RCR (B3)

Project B3: Global economic influences and local labor relations in the reorganization of an agro-industrial center in Naivasha/Kenya

Subproject in the DFG research unit "Resilience, Collapse and Reorganisation in Social-Ecological Systems (SES) of African Savannas" (FG 1501).

Funding phase: 01/06/2013 - 31/05/2016

Funding Agency: DFG

Principal investigators: Prof. Dr. Detlef Müller-Mahn (Geography, Univ. of Bonn), Prof. Dr. Michael Bollig (Social Anthropology, Univ. of Cologne)

Researchers: Andreas Gemählich (Geography), Gerda Kuipers (Social Anthropology)

The booming cut flower production is a driver of change in the social-ecological system (SES) of Lake Naivasha. The new project B3 focuses on the agro-industrial complex with the aim to explore the entanglements between global economic influences, local social dynamics, and their impacts on resilience and reorganization of the local SES. With regard to the overarching conceptual framework of the research unit, project B3 challenges the inherent 'spatial fix' of SES-approaches by extending the view into two directions: First, the territoriality of SES and resilience concepts will be critically assessed by taking a multi-scalar perspective that views locally confined systems in wider spatial contexts. Secondly, the project will address the social aspects and coupling effects of the local SES by explicitly focussing on social dynamics as a consequence of global influences.

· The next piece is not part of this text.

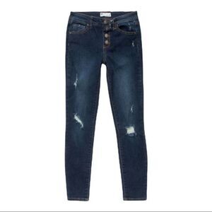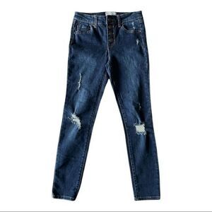 RSQ Mid Rise Skinny Exposed Button Ripped Dark Wash Jeans Size 10
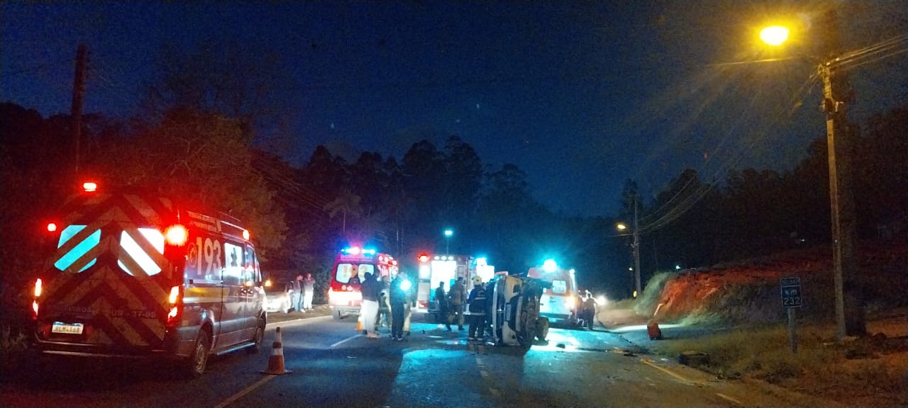 O primeiro chamado ocorreu por volta das 4h22, na BR-470, km 108. Uma colisão entre um carro e um ônibus deixou dois feridos. No coletivo, que transportava 22 ocupantes, apenas uma passageira adulta foi avaliada, mas recusou transporte ao hospital. Os demais não apresentaram ferimentos ou queixas.

The project is organized into two parts that take the cut flower industry as the place of articulation between global and local processes. The geographical contribution (part A) focusses on the global value chain (GVC) of flower production and marketing. The key question of part A is how the GVC influences local processes in Naivasha. The guiding questions aim at three issues: (1) the governance structure of the GVC (role of economic actors and drivers, institutional setting, standards); (2) the direct impact of the GVC on cut flower farming in Naivasha (i.e., farm organization, specialization processes, production); and (3) the functional relationships and interactions between flower farms and their social-economic environment (i.e., formal and informal arrangements between big farms and smallholders, competition over land and water, knowledge transfer).

The highly dynamic social organization of workers in the flower industry will be the focal point of anthropological research (part B). The key question of Part B is how laborers in the flower industry establish new patterns of social organization focused on wage labor with strong ties to one industry (and perhaps single employer), patterns of social organization in respect to industrial employment and urban (or quasi-urban) settlement, i.e. to what extent an industrial proletariat emerges. Guiding questions address three major issues: (1) the organization of labor, including the recent establishment of trade unions; (2) its consequence for household economies, community building, and social dynamics in the new settlements, for example with regard to the increasingly important role of (fundamentalist) churches and the Kikuyu led Mungiki sect, or the role of ethnic divisions; and (3) the translocal connections between the labor dynamics in Naivasha and social and economic processes in other parts of the country, for example with regard to extensive family networks.